Exercise input >>
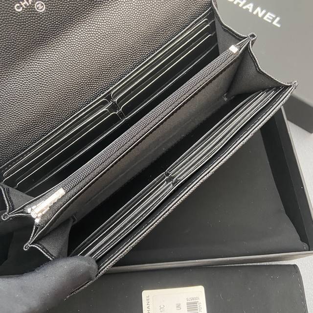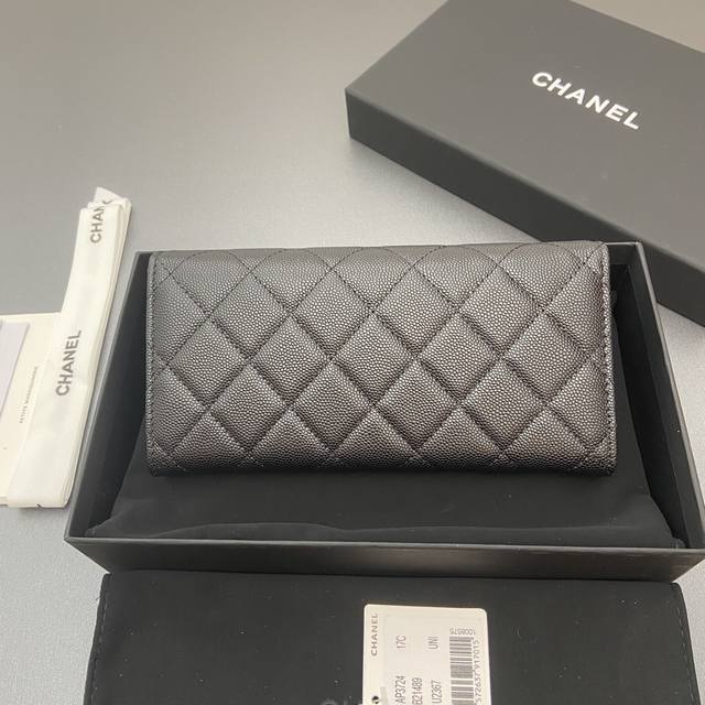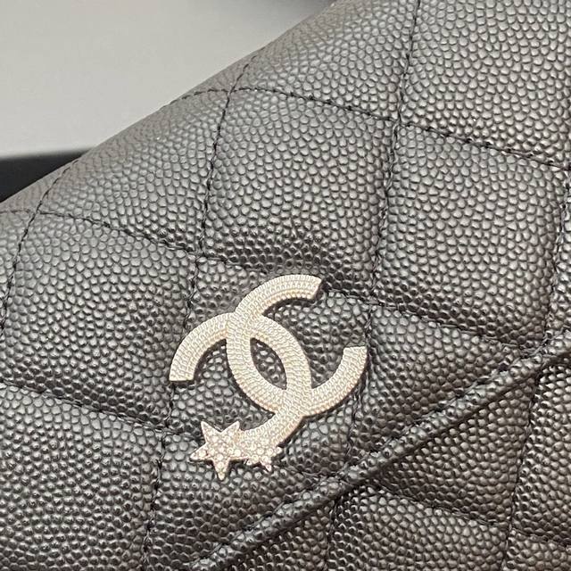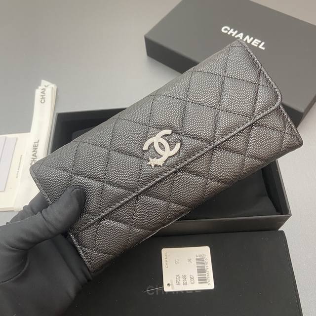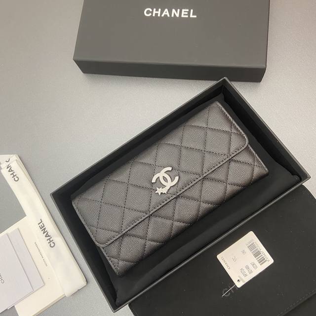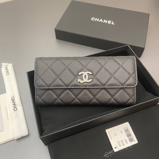Original Leather 25B New Series Caviar Leather with Star Logo, Sparkling Blingblibg~ Flap Long Wallet Series Black with Fine Ball Texture and Silver Star Hardware 12 Card Slots, Two Bill Compartments Two Compartments, 1 Zippered Pocket Item Number: 3724 Dimensions: W19
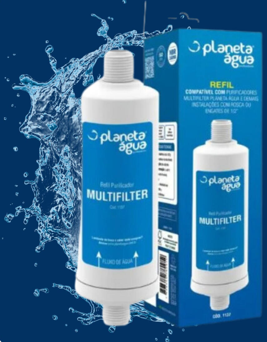 Descrição:A marca Planeta Água é uma marca certificada pelo Inmetro.Refil para Bebedouro, Pia e Cafeteira Planeta Água Multifilter, Multiaplicável, com 03 Etapas de filtragem e promove a Economia de Espaço.O Refil Planeta Água Multifilter possui várias aplicações e é próprio para pontos de uso. É econômico no espaço e possui facilidade de manutenção. O Refil Multifilter, possui a capacidade de reter particulados e reduzir o cloro presentes na água. Este produto pode filtrar até 3 mil litros de água ou 06 meses de uso.
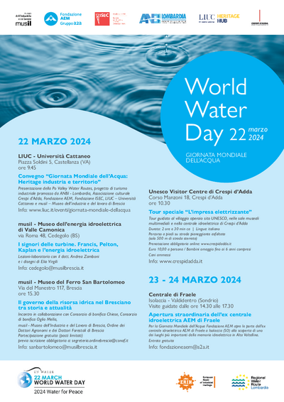 Il 22 marzo si celebra la Giornata mondiale dell'acqua, istituita dalle Nazioni Unite nel 1992. Fondazione ISEC partecipa alla ricorrenza insieme alla rete della Regional Water Route creata nell'ambito dell'iniziativa europea European Route of Industrial Heritage, nata nel 1999 dallo stimolo del Consiglio d’Europa che invitava gli Stati membri a presentare progetti relativi alla comune identità culturale del Continente.
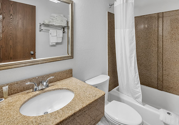 - ADA Guest Room Bathroom Has Clear Floor Space And Is Slip-Resistant
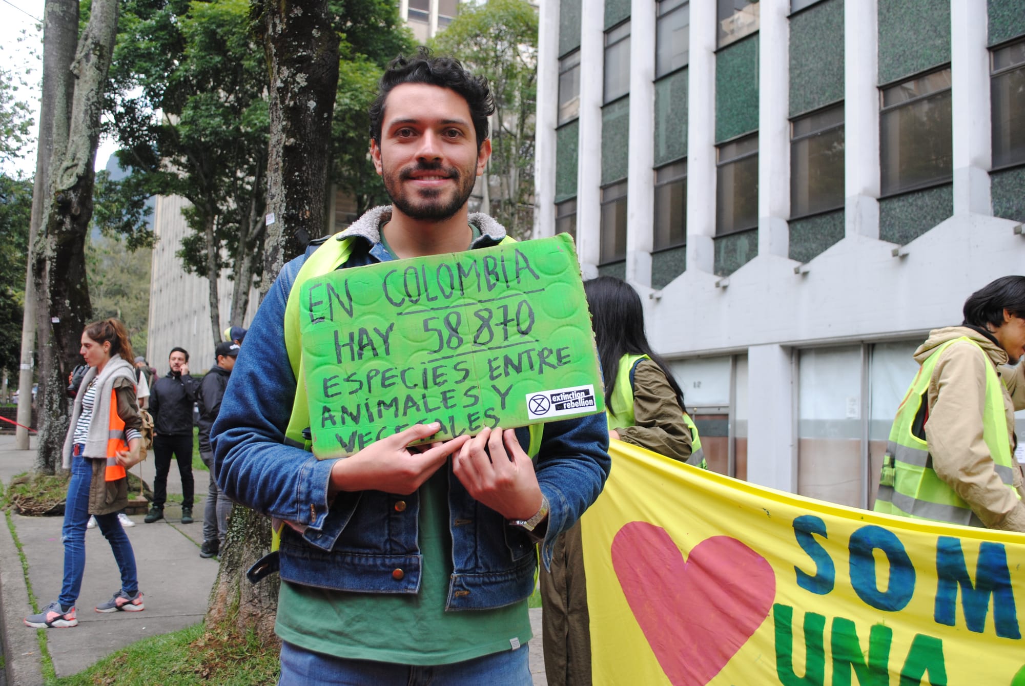Muitas coisas estão erradas neste governo. Por exemplo, não fazem o suficiente para combater a mudança climática, que também está ligada a muitas causas sociais. Estamos aqui com a Extinction Rebellion protestando contra as ações do governo das quais discordamos, mas também protestamos contra a falta de ação na emergência climática. Esse governo quer voltar à erradicação de cultivos com glifosato, produto químico cancerígeno, também apoia o fracking, uma prática muito prejudicial ao meio ambiente, e quer fazer mineração em Páramos, onde existem ecossistemas únicos necessários para nossa sobrevivência. Fora multinacionais na América Latina!

Description of the task >> Please repeat the listing precisely, excluding the pictures it contains.

Solution >>
Original Leather 25B New Series Caviar Leather with Star Logo, Sparkling Blingblibg~ Flap Long Wallet Series Black with Fine Ball Texture and Silver Star Hardware 12 Card Slots, Two Bill Compartments Two Compartments, 1 Zippered Pocket Item Number: 3724 Dimensions: W19
 Descrição:A marca Planeta Água é uma marca certificada pelo Inmetro.Refil para Bebedouro, Pia e Cafeteira Planeta Água Multifilter, Multiaplicável, com 03 Etapas de filtragem e promove a Economia de Espaço.O Refil Planeta Água Multifilter possui várias aplicações e é próprio para pontos de uso. É econômico no espaço e possui facilidade de manutenção. O Refil Multifilter, possui a capacidade de reter particulados e reduzir o cloro presentes na água. Este produto pode filtrar até 3 mil litros de água ou 06 meses de uso.
 Il 22 marzo si celebra la Giornata mondiale dell'acqua, istituita dalle Nazioni Unite nel 1992. Fondazione ISEC partecipa alla ricorrenza insieme alla rete della Regional Water Route creata nell'ambito dell'iniziativa europea European Route of Industrial Heritage, nata nel 1999 dallo stimolo del Consiglio d’Europa che invitava gli Stati membri a presentare progetti relativi alla comune identità culturale del Continente.
 - ADA Guest Room Bathroom Has Clear Floor Space And Is Slip-Resistant
Muitas coisas estão erradas neste governo. Por exemplo, não fazem o suficiente para combater a mudança climática, que também está ligada a muitas causas sociais. Estamos aqui com a Extinction Rebellion protestando contra as ações do governo das quais discordamos, mas também protestamos contra a falta de ação na emergência climática. Esse governo quer voltar à erradicação de cultivos com glifosato, produto químico cancerígeno, também apoia o fracking, uma prática muito prejudicial ao meio ambiente, e quer fazer mineração em Páramos, onde existem ecossistemas únicos necessários para nossa sobrevivência. Fora multinacionais na América Latina!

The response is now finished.